India's government acknowledges that someone has accessed and exfiltrated classified information from its networks. Suspects remain unidentified.
The lovelorn are warned to beware Valentine cyberscamming.
As credit monitoring and identity-theft protection services begin for customers affected by the Anthem breach, the Insurance Insider's sources lead it to believe that Anthem's cyber coverage (said to be provided by AIG, and said to amount to $100M) will soon be exceeded by its liabilities. Anthem's travails spur other companies to think hard about encryption, privileged access, and value-at-risk.

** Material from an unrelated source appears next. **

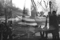 Flag Raising Ceremony during Malcolm X Day and Memorial at Brooklyn College This photo, taken by pioneering student-activist Antonio "Tony" Nieves, member and liaison of the Brooklyn League of Afro-American Collegians (B.L.A.C.) and the Puerto Rican Alliance (P.R.A.) at Brooklyn College, shows members of both P.R.A. and B.L.A.C. at the flag raising ceremony during the Malcolm X Day and memorial event at BC in 1969. The Puerto Rican and Black Liberation flags were raised and flown on the flagpole located at the middle of the Brooklyn College campus in front of the Library and the President's office on the East Quad of the campus. Event organizers and attendees can be seen at the ceremony. This photo was accidentally overexposed by Nieves. This item is part of the Puerto Rican Studies at Brooklyn College (PRSBC) Collection, which covers the largely Puerto Rican-led student movement at Brooklyn College (CUNY) during the late 1960s and early 1970s that fought for the creation of the Puerto Rican Studies Department at the college. The collection includes oral history interviews with pioneering student activists, photographs of participants and their struggles, and other archival materials on the fight to create the Puerto Rican Studies Department drawn from the Archives and Special Collections library at Brooklyn College. -

Anthem's response provides an interesting case study in attack information disclosure: the company shared indicators of compromise (including MD5 hashes, IP addresses, and the email addresses used by attackers) with HITRUST's Cyber Threat Intelligence and Incidence Coordination Center. This may provide a useful comparison with the role envisioned for the new US Cyber Threat Intelligence Integration Center. That Center appears central to President Obama's information-sharing policy as he opens the California cyber summit today. Reaction to Center and summit remain mixed (the Hill calls some CEOs' decision to stay home a "snub;" the Electronic Frontier Foundation summarizes the skeptical take on the CTIIC) but significant executive orders are expected shortly.
Cyber security story stocks continue to rise post-Anthem.
The NIST framework turns one year old, and receives positive reviews.
Russia appears ready to ban VPNs and Tor as it continues to ratchet up censorship.